Relationship Concept 3: and 5: Progress in science


Knowledge/power
Those with knowledge can move forward in science, and those with power can determine what
‘moving forward’ in science even means. Any progress in science is determined less by
theoretical or methodological innovations, and more by which people have the knowledge to
understand theoretical/methodological shifts at all, and which people have the power to
publicize the correct shifts to the scientific community and beyond. Sometimes the most
knowledgeable people do not affirm the progress made in the scientific community (despite
having scientific consensus), or manipulate it in some way, because their power has a higher
influence on their decision-making than their knowledge.

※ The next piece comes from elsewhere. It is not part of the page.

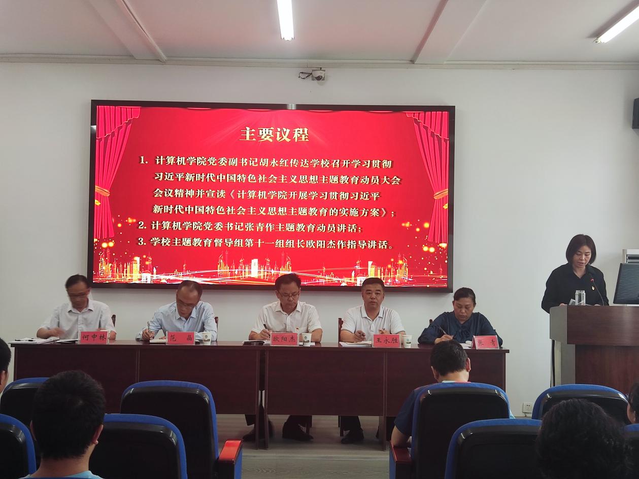 首先,计算机学院党委副书记胡永红传达学校召开学习贯彻习近平新时代中国特色社会主义思想主题教育动员大会会议精神,并宣读《计算机学院开展学习贯彻习近平新时代中国特色社会主义思想主题教育的实施方案》。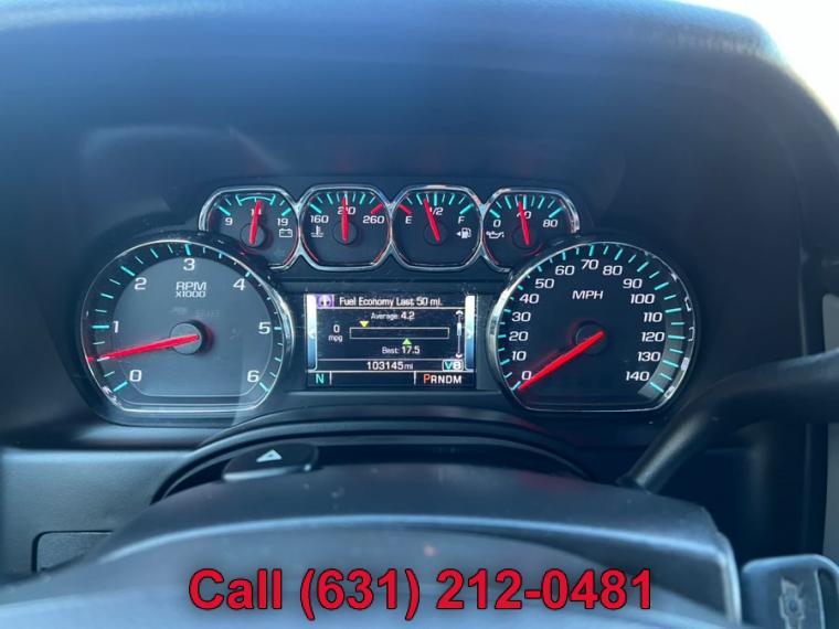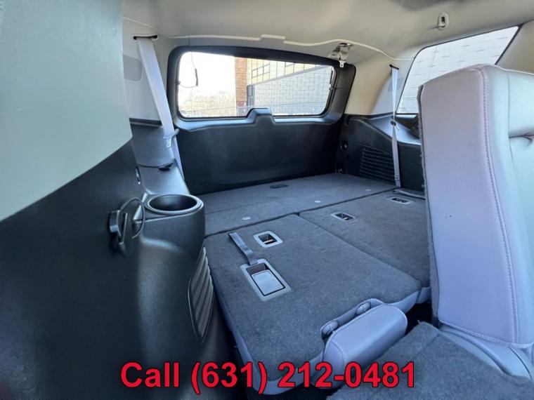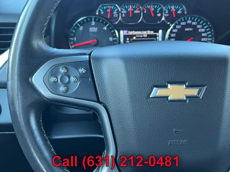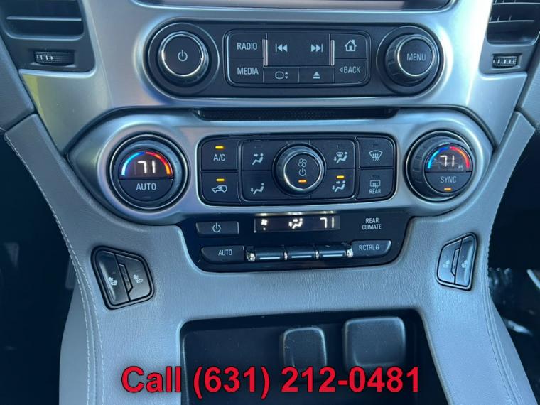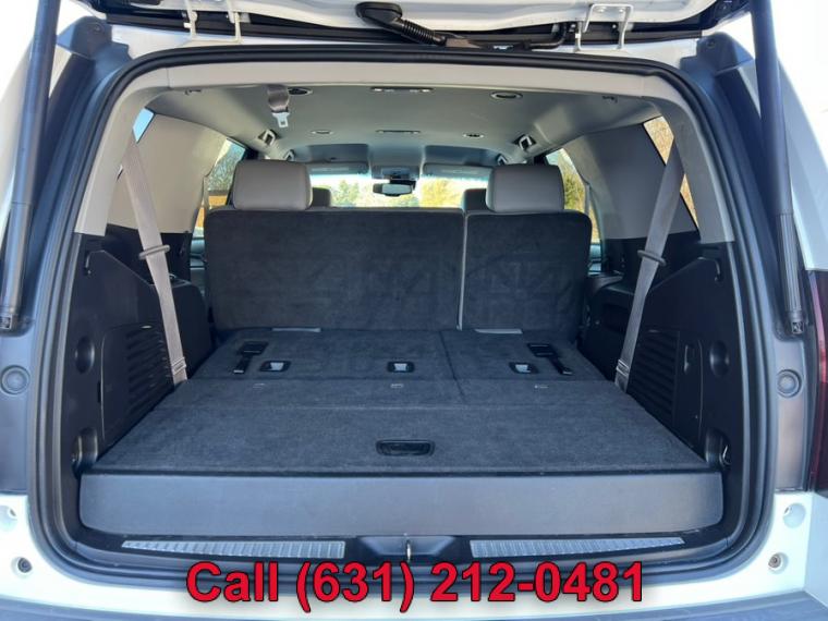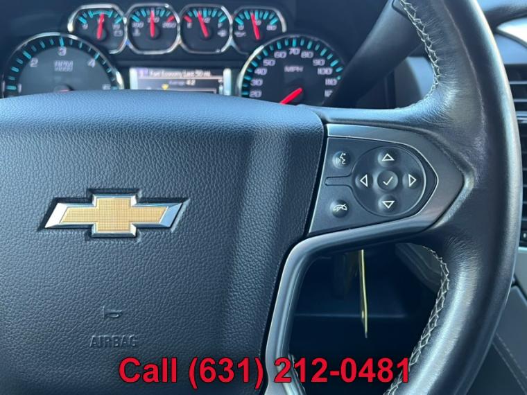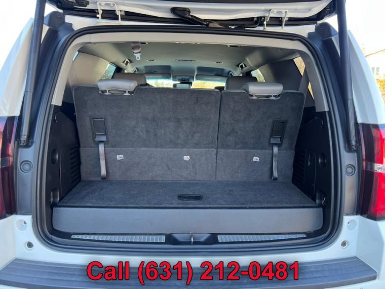 ABS, 4-Wheel Disc Brakes, 6-Speed A/T, 8 Cylinder Engine, A/C, A/T, 3rd Row Seat, Adjustable Pedals, Adjustable Steering Wheel, Security System, AM/FM Stereo, Automatic Headlights, Auxiliary Audio Input, Back-Up Camera, Brake Assist, Bucket Seats, CD Player, Climate Control, Cruise Control, Daytime Running Lights, Driver Air Bag, Driver Adjustable Lumbar, Multi-Zone A/C, Auto-Dimming Rearview Mirror, Stability Control, Four Wheel Drive, Front Collision Warning, Floor Mats, Conventional Spare Tire, Gasoline Fuel, HD Radio, Heated Front Seat(s), Heated Mirrors, Intermittent Wipers, Keyless Entry, Lane Departure Warning, Leather Seats, Leather Steering Wheel, Locking/Limited Slip Differential, MP3 Capability, Navigation from Telematics, Telematics, Pass-Through Rear Seat, Passenger Air Bag, Passenger Air Bag Sensor, Passenger Adjustable Lumbar, Power Door Locks, Power Mirror(s), Power Driver Seat, Power Liftgate, Power Passenger Seat, Power Steering, Power Windows, Premium Sound System, Rain Sensing Wipers, Rear A/C, Rear Defrost, Rear Head Air Bag, Rear Parking Aid, Remote Engine Start, Remote Trunk Release, Requires Subscription, Running Boards/Side Steps, Satellite Radio, Seat Memory, Front Side Air Bag, Front Head Air Bag, Smart Device Integration, Steering Wheel Audio Controls, Tire Pressure Monitor, Traction Control, Tow Hitch, Transmission Overdrive Switch, Universal Garage Door Opener, Variable Speed Intermittent Wipers, WiFi Hotspot, Assist steps, Black, Daytime Running Lamps, with automatic exterior lamp control, Fascia, front body-color, Fascia, rear color-keyed, Liftgate with glass, power, Luggage rack side rails, roof-mounted, Mirrors, outside heated power-adjustable, manual-folding and color keyed, Tire carrier, lockable outside spare, winch-type mounted under frame at rear, Tire, spare P265/70R17 all-season, blackwall, Tires, P265/65R18 all-season, blackwall, Wheel, full-size spare, 17" (43.2 cm) steel, Wheels, 18" x 8.5" (45.7 cm x 21.6 cm) aluminum with high-polished finish, Wiper, rear intermittent with washer, Wipers, front intermittent, Rainsense, Assist handles, all seats, Cargo management system, Cargo net, Climate control, tri-zone automatic with individual climate settings for driver, right-front passenger and rear passengers, Console, floor with storage area, cup holders, SD card slot and auxiliary jack, Conversation mirror (Deleted when (UTT) Theft Protection Package is ordered.), Cruise control, electronic with set and resume speed, Defogger, rear-window electric, Display, driver instrument information enhanced, multi-color, Door locks, power programmable with lockout protection, Floor covering, color-keyed carpeting, Floor mats, color-keyed carpeted first and second row, removable (Deleted when (Z71) Off-Road Package is ordered.), Lighting, interior with dome light, driver- and passenger-side door switch with delayed entry feature, cargo lights, door handle or Remote Keyless Entry-activated illuminated entry and map lights in front and second seat positions., Memory settings recalls presets for driver power seat adjuster and pedals (When (PCK) Luxury Package is ordered, also includes memory presets for outside rearview mirrors and power steering column.), Mirror, inside rearview auto-dimming, OnStar with 4G LTE provides a built-in Wi-Fi hotspot to connect to the internet at 4G LTE speeds (Only on vehicles built after 10/5/14. Visit www.onstar.com for vehicle availability, details and system limitations. Services and connectivity may vary by model and conditions. 4G LTE service available in select markets. 4G LTE performance based on ind, Pedals, power-adjustable for accelerator and brake, Power outlet, 110-volt, Power outlets, 5 auxiliary, 12-volt includes outlets in the instrument panel, console, back of console, 1 in 3rd row and 1 in cargo area (when bench seat is ordered, the outlet on the back of the console is lost), Remote Keyless Entry, extended-range (Not included when (PCK) Luxury Package is ordered.), Remote vehicle start, Seat adjuster, front passenger 6-way power, Seat trim, leather-appointed front seats, Seat, third row manual 60/40 split-folding bench, fold flat (Not included when (PCK) Luxury Package is ordered.), Seating, front bucket with leather-appointed seating heated seat cushions and seat backs, 10-way power driver and passenger seat includes 6-way power cushions, driver seat 2-position memory, 2-way power lumbar control and power recline, Seats, second row 60/40 split-folding bench, manual, Steering column, manual tilt and telescopic, Steering wheel controls, mounted audio and cruise controls includes Driver Information Center controls, Steering wheel, leather-wrapped, Universal Home Remote includes garage door opener, programmable, Windows, power, all express down, front express up, 4-wheel drive, Alternator, 150 amps, Battery, 720 cold cranking amps with 80 amp hour rating, Cooling, auxiliary transmission oil cooler, heavy-duty air-to-oil, Cooling, external engine oil cooler, heavy-duty air-to-oil integral to driver side of radiator, Differential, heavy-duty locking rear, Engine, 5.3L EcoTec3 V8 with Active Fuel Management, Direct Injection and Variable Valve Timing includes aluminum block construction (355 hp [265 kW] @ 5600 rpm, 383 lb-ft of torque [518 N-m] @ 4100 rpm), GVWR, 7300 lbs. (3311 kg), Rear axle, 3.08 ratio (Not available with (NHT) Max Trailering Package.), Steering, power, Suspension Package, Premium Smooth Ride (Not available with (NHT) Max Trailering Package.), Suspension, front coil-over-shock with stabilizer bar, Suspension, rear multi-link with coil springs, Trailering equipment includes trailering hitch platform, 7-wire harness with independent fused trailering circuits mated to a 7-way sealed connector and 2" trailering receiver, Transfer case, active, single-speed, electronic Autotrac with rotary controls, does not include neutral. Cannot be dinghy towed (Requires 4WD model. Not available with (NHT) Max Trailering

Relationship Concept 4: Language games and 6: Relativism


There are two types of rules that determine language games: constitutive and regulatory.
Constitutive rules are those that actually make the game—if you don’t know these rules then
you don’t know what language even is. Regulatory rules are those that decide the other rules
of any language game—what is normal/accepted in that language versus what is not.
Constitutive rules are not relative, they stay the same per language. Regulatory rules are
relative, they change per language based on the norms of the community playing that language
game. But those norms are not hierarchical; there is no community of language players that are
playing their language game any better than another, since the content of what they
communicate through their game can be the same as in another language. This is what makes
language games relative.

Relationship Concept 5: Progress in and 6: Relativism


science
As established in the explanation of the relationship between knowledge/power and progress
in science, it is clear that anything determined as ‘progress’ in science is utterly relative. A
large chunk of this course has been about the different arguments posed by various
philosophers on what constitutes progress. Popper says that it is through falsificationism, Kuhn
says that it is through paradigms, Lakatos through research programs, Feyerabend through
epistemological anarchism, etc. What was also made clear from this course is that no one has
found the one ‘right’ answer yet, and the whole point is that we never will. Each of these
philosophers has his own way of understanding progress in science, but the fact that each one
is allowed to keep his argument shows the relativity of them all. While they all make
justifiable claims—and make just as many justifiable accusations against the validity of the
other arguments—there is no way to completely measure which argument in fact is the most
valid in determining progress in science, thus they remain relative forever.